Here is an example using files:

#### Writing a file to disk

In [None]:
# Create the file temp.txt, and get it ready for writing
f = open("temp.txt", "w")
f.write("This is my first file! The end!\n")
f.write("Oh wait, I wanted to say something else.")
f.close()

In [None]:
# Let's check that we did everything as expected
# the command below is one of the IPython "magics" - commands within the notebook unrelated to python
# %magic shows you the list of basic commands and %lsmagic shows you all the super commands
%more temp.txt

#### Reading a file from disk

In [None]:
# We now open the file for reading
f = open("temp.txt", "r")
# And we read the full content of the file in memory, as a big string
content = f.read()
f.close()

In [None]:
content

Once we read the file, we have the lines in a big string.

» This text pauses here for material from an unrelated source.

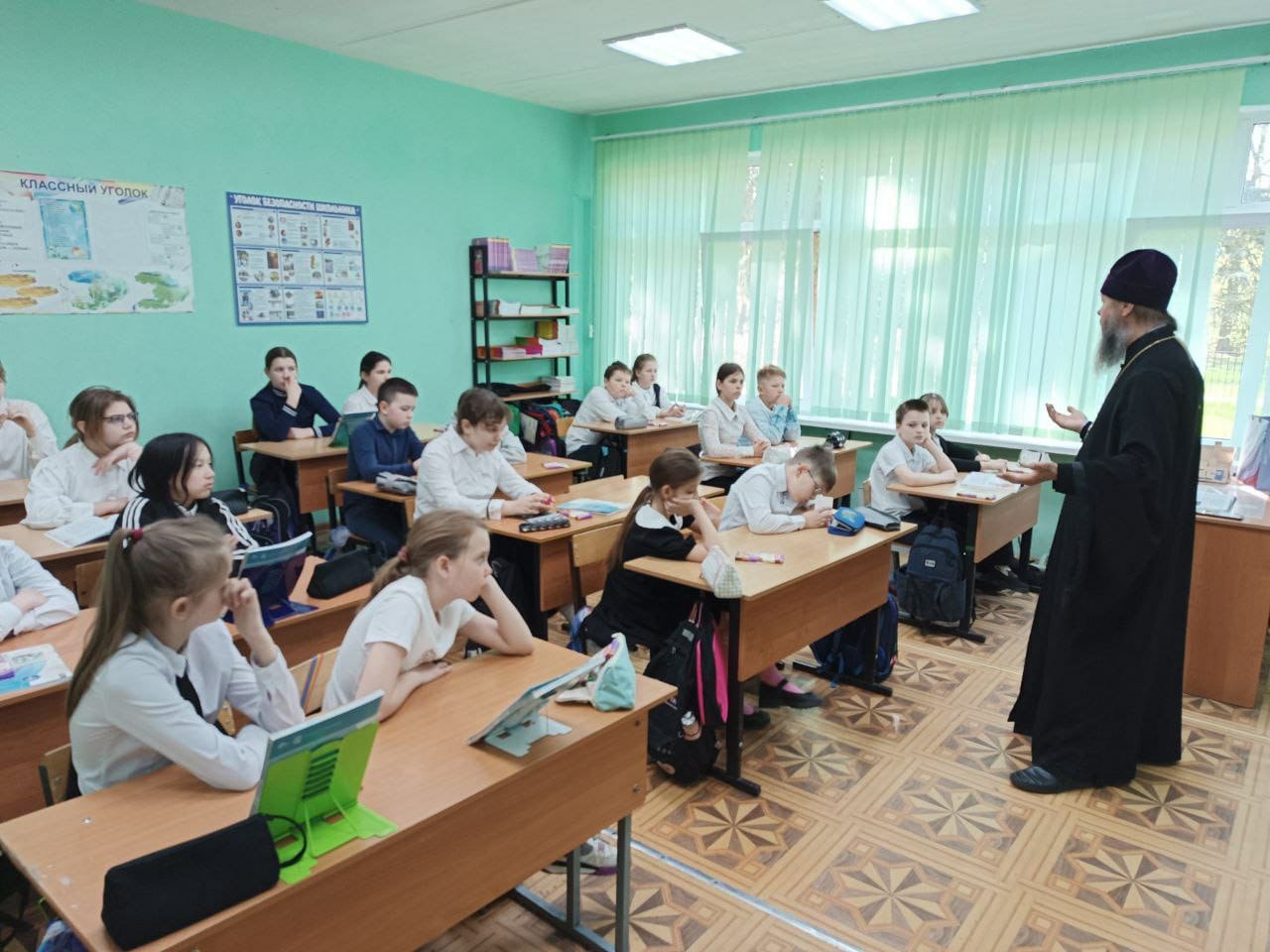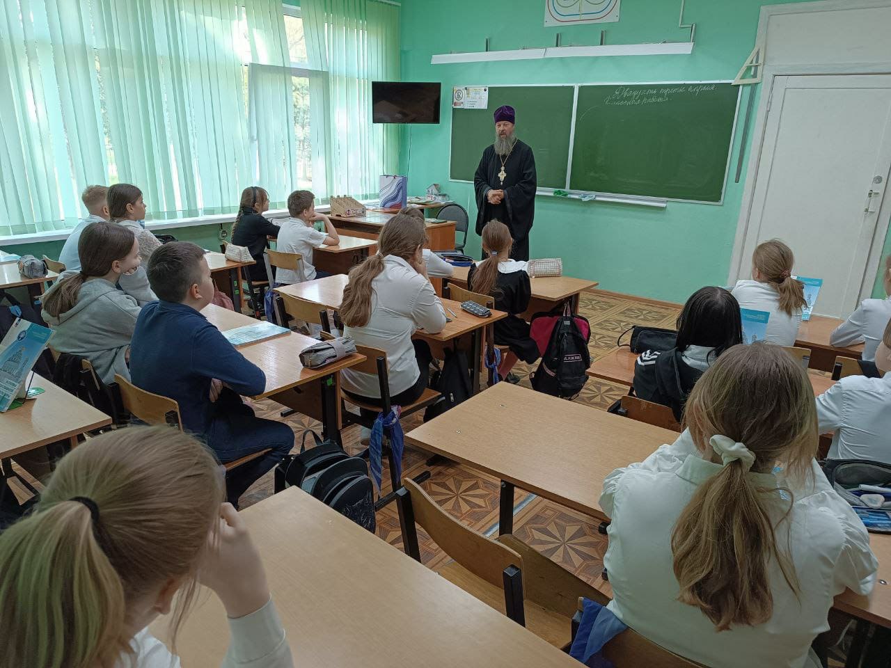 В 4-ом классе на уроке ОПК обсуждалась тема монашества и монастырей, подвиг преподобного Сергия Радонежского игумена земли Русской. В конце встречи отец Владимир ответил на вопросы детей.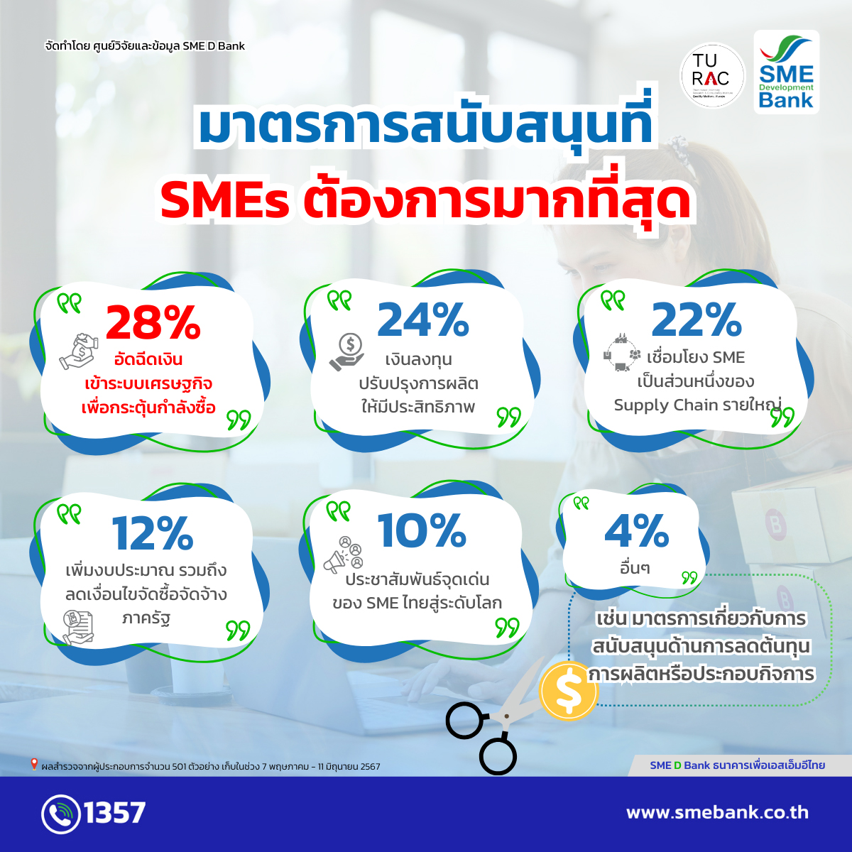 ควบคู่กับให้บริการด้านการพัฒนาเสริมแกร่งธุรกิจ ฟรี ผ่านแพลตฟอร์ม “DX” by SME D Bank (dx.smebank.co.th) ที่รวบรวมการสนับสนุนผู้ประกอบการเอสเอ็มอีครบถ้วนในจุดเดียว เช่น Business Health Check ระบบตรวจประเมินสุขภาพธุรกิจ E-Learning รวบรวมหลักสูตรความรู้สำคัญ ที่ปรึกษาและให้คำแนะนำธุรกิจจากโค้ชมืออาชีพ ระบบจองเข้าร่วมกิจกรรมเติมความรู้ต่อเนื่องตลอดทั้งปี และสิทธิประโยชน์พิเศษอื่นๆ อีกมากมาย สามารถแจ้งความประสงค์รับบริการ ทั้งด้านการเงินและการพัฒนาได้ผ่านช่องทางต่าง ๆ เช่น LINE Official Account : SME Development Bank เว็บไซต์ www.smebank.co.th และสาขาของ SME D Bank ทั่วประเทศ เป็นต้น สอบถามข้อมูลเพิ่มเติม Call Center 1357

Let's process that big string a little bit:

In [None]:
# Read the file in the cell above, the content is in f2_content

# Split the content of the file using the newline character \n
lines = content.split("\n")

# Iterate through the line variable (it is a list of strings)
# and then print the length of each line
for line in lines:
    print(line, " ===> ", len(line))

In [None]:
# Create a file numbers.txt and write the numbers from 0 to 24 there
f = open("numbers.txt", "w")
for num in range(25):
    f.write(str(num)+'\n')
f.close()

In [None]:
# Let's check that we did everything as expected
%more numbers.txt

In [None]:
# We now open the file for reading
f = open("numbers.txt", "r")
# And we read the full content of the file in memory, as a big string
content = f.read()
f.close()
content

In [None]:
# here we convert the strings into integers
# we have the conditional to avoid trying to parse the string '' that 
# is at the end of the list
numbers = []
lines = content.split("\n")
for line in lines:
    if len(line) > 0:
        numbers.append(int(line))
    else:
        continue
print(numbers)

In [None]:
# Let's clean up
# windows
#!del temp.txt
#!del numbers.txt

# macOS
#!rm temp.txt
#!rm numbers.txt

## Python `os` standard library
Another addition to our file handling toolkit is the `os` library which provides ways to move files, make directories, and gather data about the file system. Like other standard libraries, we need to import it to use it via `import os`

In [None]:
import os

# let's get information about our current working directory - the folder our Python applications are working within
os.getcwd()

In [None]:
# next, let's list everything in the directory
os.listdir()

In [None]:
# ... and see what our login name is
os.getlogin()

In [None]:
# ... and change our directory.
os.chdir("sql-class")
os.getcwd()

In [None]:
# ... and change it back
os.chdir("..")  # ".." is a relative directory shortcut that means "my parent folder" no matter where you are
os.getcwd()

In [None]:
# .. and find out the "separate" used in constructing file paths
# every operating system is different, and this value enables your python
# to be cross-platform 
os.path.sep

In [None]:
# ... now we can create our own paths for new files - important for creating a "clean" version of source data
dir_list = os.getcwd().split(os.path.sep)
print(dir_list)

In [None]:
# ... now let's create an output file in a new sub-folder called 7-tmp

# first - append the new folder name 
# and create a file path string using os.path.sep and the string.join() method
dir_list.append("7-tmp")
dir_string = os.path.sep.join(dir_list)

# second - create the directory using the file path
os.mkdir(dir_string)

# third - add the file name "tmp2.txt" to the path
dir_list.append("tmp2.txt")
dir_string = os.path.sep.join(dir_list)
print(dir_string)

In [None]:
# we can now open the file for writing using the absolute path 
# note: we could have also used os.chdir("7-tmp") and open("tmp2.txt")
# but it's better programming to nearly always use absolute paths
file_handle = open(dir_string,"w")

In [None]:
file_handle.write("test file\nsecond line\n")
file_handle.close()

# **Putting our Python to work:** 
# **Exploring and Cleaning the Census data file**

So far in our class project, we have identified three data files (IRS tax return counts for NYC, US census data for NYC, and NYC film permits data) and we have skipped over the cleaning step to transform them in SQL.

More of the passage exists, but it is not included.